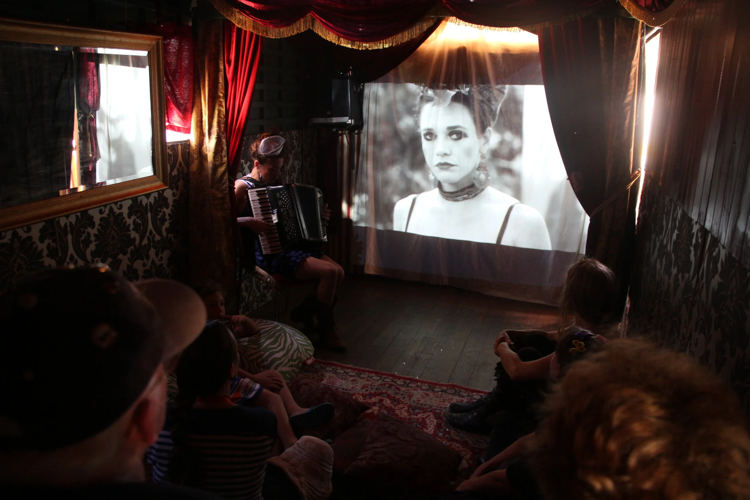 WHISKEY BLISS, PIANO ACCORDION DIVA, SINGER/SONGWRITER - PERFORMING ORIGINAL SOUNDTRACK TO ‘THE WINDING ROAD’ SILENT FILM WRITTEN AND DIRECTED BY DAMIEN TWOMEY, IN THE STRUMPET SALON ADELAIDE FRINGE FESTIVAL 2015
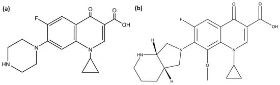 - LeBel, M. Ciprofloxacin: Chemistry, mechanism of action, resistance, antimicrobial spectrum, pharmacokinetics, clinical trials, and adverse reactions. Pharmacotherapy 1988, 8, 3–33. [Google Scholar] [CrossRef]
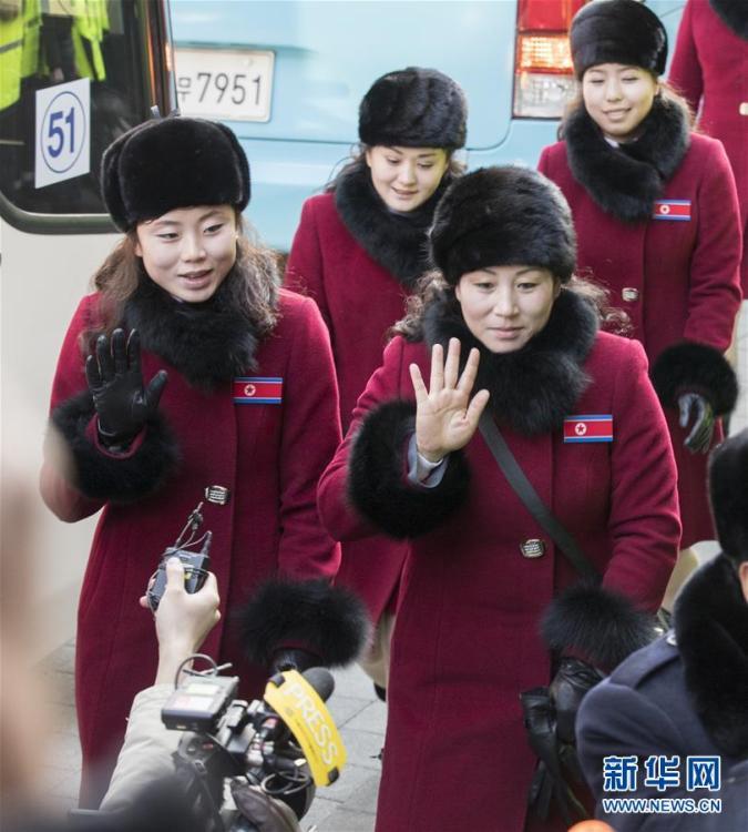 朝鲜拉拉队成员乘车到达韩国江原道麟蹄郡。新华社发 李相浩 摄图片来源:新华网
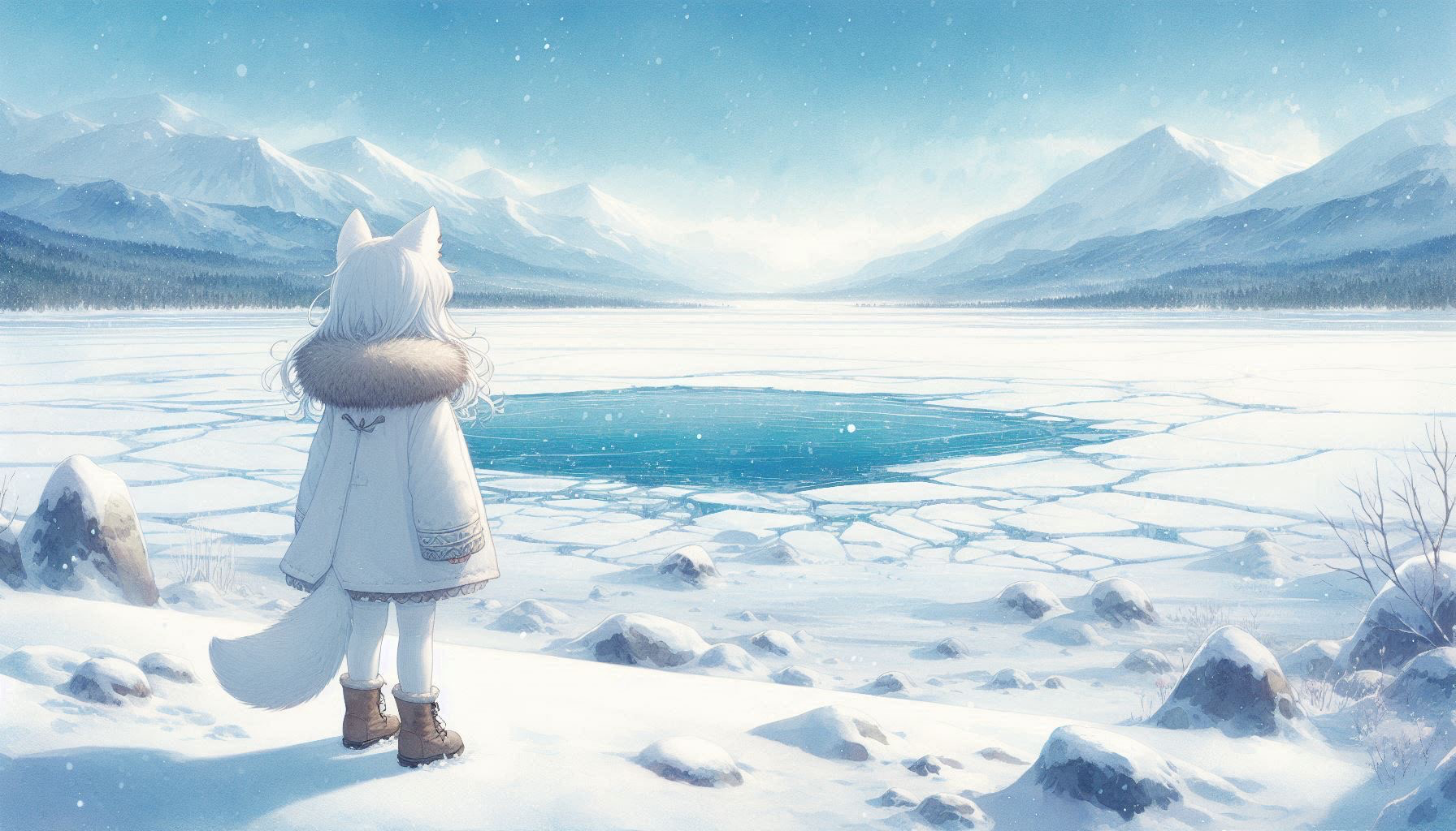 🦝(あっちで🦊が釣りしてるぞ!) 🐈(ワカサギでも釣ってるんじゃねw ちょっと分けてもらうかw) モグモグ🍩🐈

+ + +

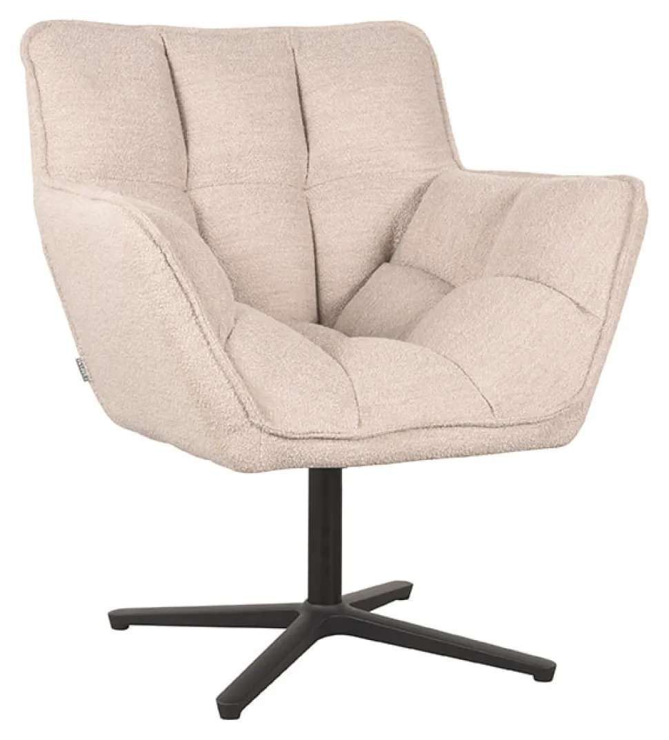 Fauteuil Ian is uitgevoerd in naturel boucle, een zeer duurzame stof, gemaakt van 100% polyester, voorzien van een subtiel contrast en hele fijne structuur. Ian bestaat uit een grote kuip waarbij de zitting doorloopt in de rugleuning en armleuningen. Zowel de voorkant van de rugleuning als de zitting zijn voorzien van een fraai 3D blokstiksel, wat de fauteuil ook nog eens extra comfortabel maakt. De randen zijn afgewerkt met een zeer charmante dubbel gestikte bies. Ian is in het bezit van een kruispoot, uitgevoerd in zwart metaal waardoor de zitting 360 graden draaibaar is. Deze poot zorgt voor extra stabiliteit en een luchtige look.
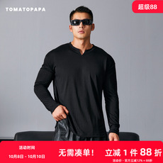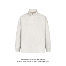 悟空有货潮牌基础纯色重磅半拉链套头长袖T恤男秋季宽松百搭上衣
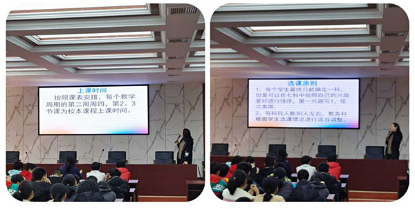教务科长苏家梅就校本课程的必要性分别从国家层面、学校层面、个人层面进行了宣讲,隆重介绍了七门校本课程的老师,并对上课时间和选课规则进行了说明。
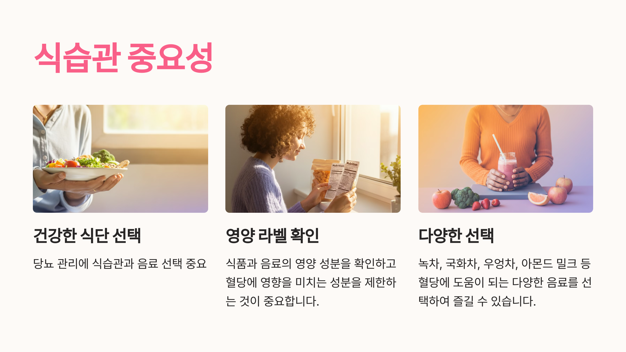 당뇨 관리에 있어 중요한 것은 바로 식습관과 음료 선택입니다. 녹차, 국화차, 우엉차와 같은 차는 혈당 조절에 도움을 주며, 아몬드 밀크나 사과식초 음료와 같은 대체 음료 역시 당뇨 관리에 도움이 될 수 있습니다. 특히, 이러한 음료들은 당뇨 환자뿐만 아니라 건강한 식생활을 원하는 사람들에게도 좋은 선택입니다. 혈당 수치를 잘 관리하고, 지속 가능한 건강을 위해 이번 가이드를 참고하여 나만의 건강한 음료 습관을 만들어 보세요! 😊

+ + +

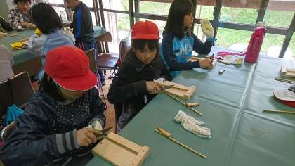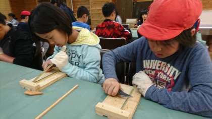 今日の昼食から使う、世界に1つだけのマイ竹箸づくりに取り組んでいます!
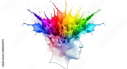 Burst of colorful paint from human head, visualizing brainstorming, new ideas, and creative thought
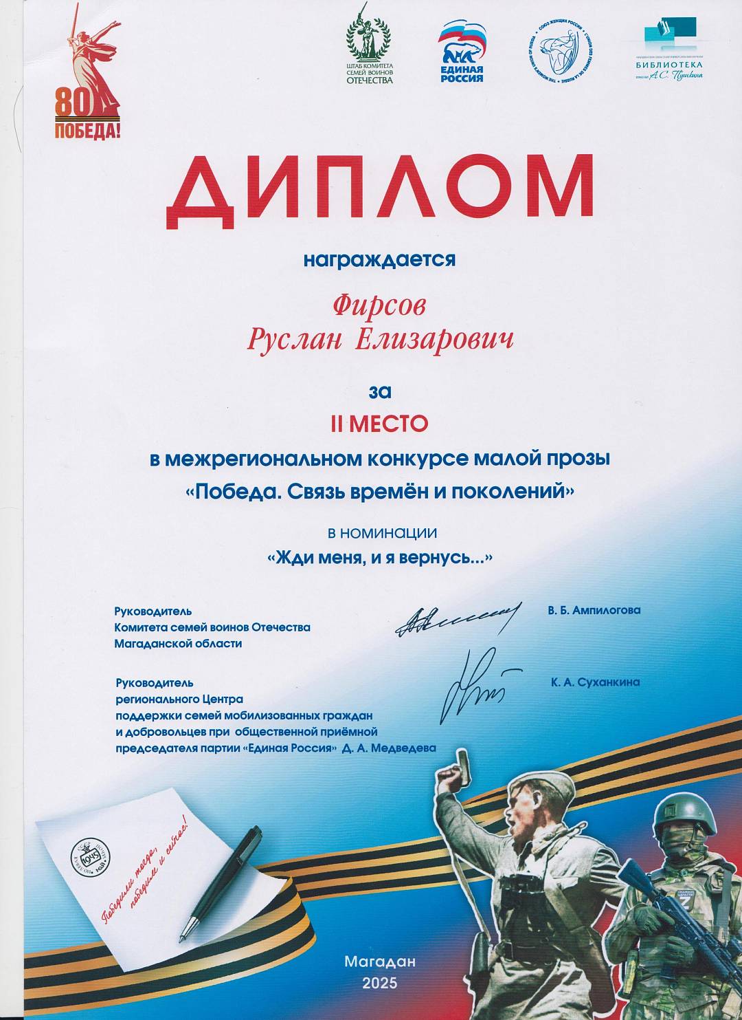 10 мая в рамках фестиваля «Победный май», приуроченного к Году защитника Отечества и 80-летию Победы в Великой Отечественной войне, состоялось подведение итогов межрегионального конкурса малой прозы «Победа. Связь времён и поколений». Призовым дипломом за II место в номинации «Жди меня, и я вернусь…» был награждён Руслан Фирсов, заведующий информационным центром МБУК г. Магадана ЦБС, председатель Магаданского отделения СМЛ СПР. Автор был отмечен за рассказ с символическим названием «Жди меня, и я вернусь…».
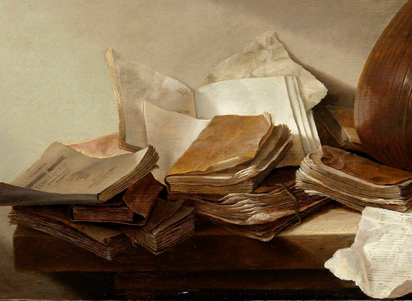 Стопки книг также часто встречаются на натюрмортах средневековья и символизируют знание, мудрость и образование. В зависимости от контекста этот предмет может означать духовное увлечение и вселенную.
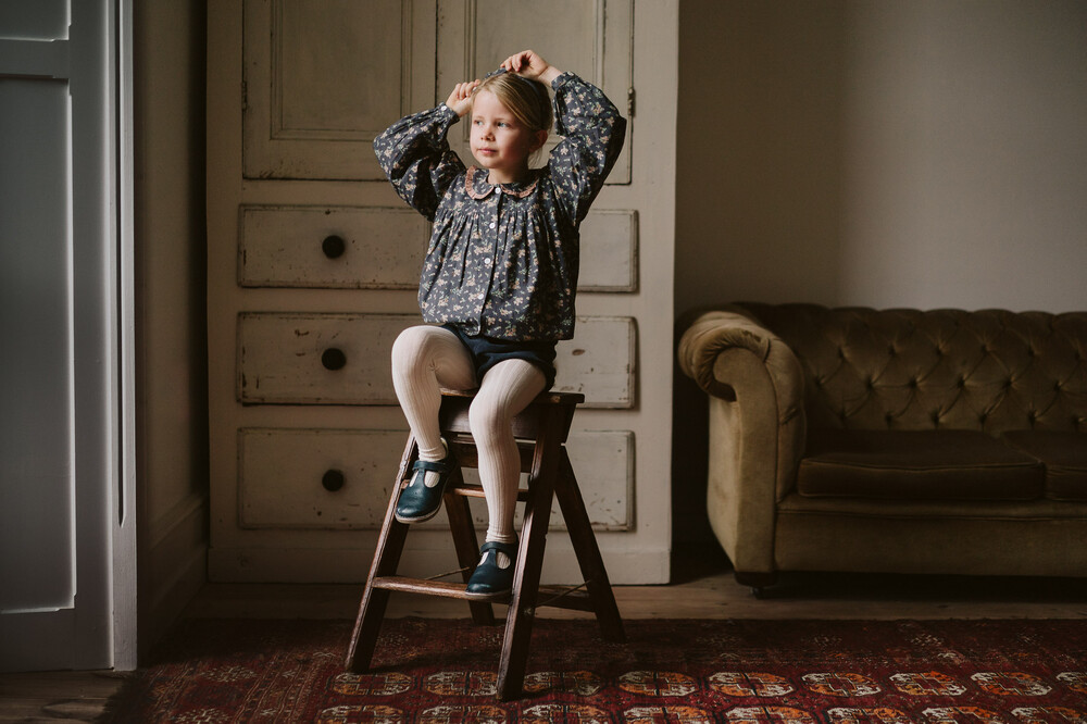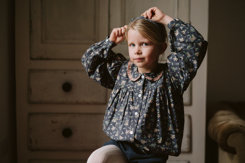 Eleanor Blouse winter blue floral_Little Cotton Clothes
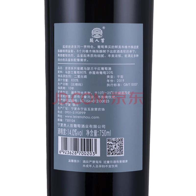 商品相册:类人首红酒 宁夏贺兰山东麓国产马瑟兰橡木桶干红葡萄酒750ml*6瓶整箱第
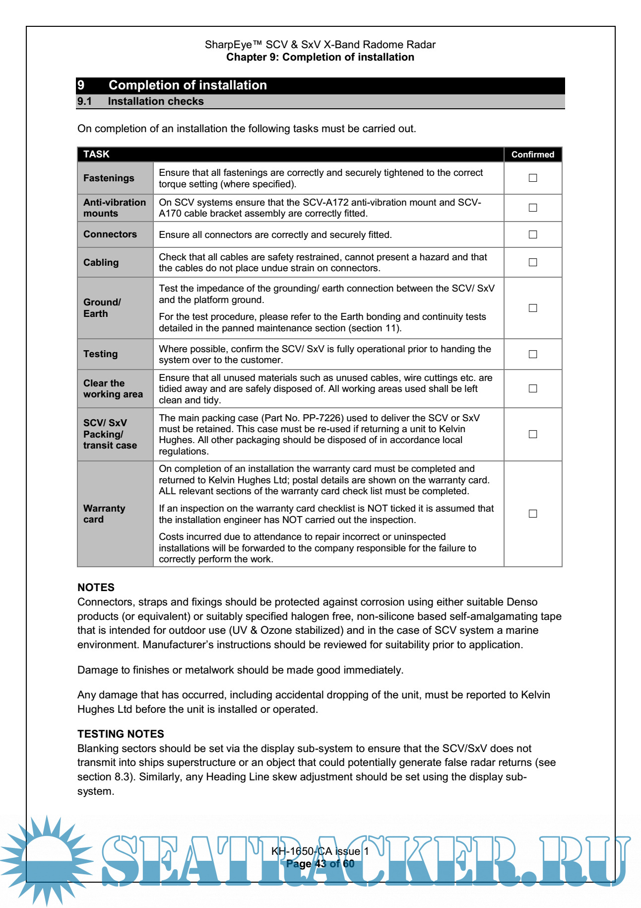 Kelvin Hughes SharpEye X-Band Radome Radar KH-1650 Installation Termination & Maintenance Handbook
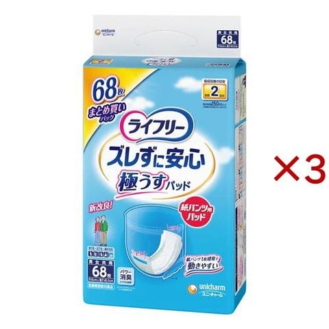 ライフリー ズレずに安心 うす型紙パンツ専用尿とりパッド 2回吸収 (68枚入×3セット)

+ + +

= YOUR TASK =
Could the stretch from the line with "今日の昼食から使う、世界に1つだけのマイ竹箸づくりに取り組んでいます!" through the line with "ライフリー ズレずに安心 うす型紙パンツ専用尿とりパッド" in the listing above be restated word for word, minus the pictures?

= RESULT =
 今日の昼食から使う、世界に1つだけのマイ竹箸づくりに取り組んでいます!
 Burst of colorful paint from human head, visualizing brainstorming, new ideas, and creative thought
 10 мая в рамках фестиваля «Победный май», приуроченного к Году защитника Отечества и 80-летию Победы в Великой Отечественной войне, состоялось подведение итогов межрегионального конкурса малой прозы «Победа. Связь времён и поколений». Призовым дипломом за II место в номинации «Жди меня, и я вернусь…» был награждён Руслан Фирсов, заведующий информационным центром МБУК г. Магадана ЦБС, председатель Магаданского отделения СМЛ СПР. Автор был отмечен за рассказ с символическим названием «Жди меня, и я вернусь…».
 Стопки книг также часто встречаются на натюрмортах средневековья и символизируют знание, мудрость и образование. В зависимости от контекста этот предмет может означать духовное увлечение и вселенную.
 Eleanor Blouse winter blue floral_Little Cotton Clothes
 商品相册:类人首红酒 宁夏贺兰山东麓国产马瑟兰橡木桶干红葡萄酒750ml*6瓶整箱第
 Kelvin Hughes SharpEye X-Band Radome Radar KH-1650 Installation Termination & Maintenance Handbook
 ライフリー ズレずに安心 うす型紙パンツ専用尿とりパッド 2回吸収 (68枚入×3セット)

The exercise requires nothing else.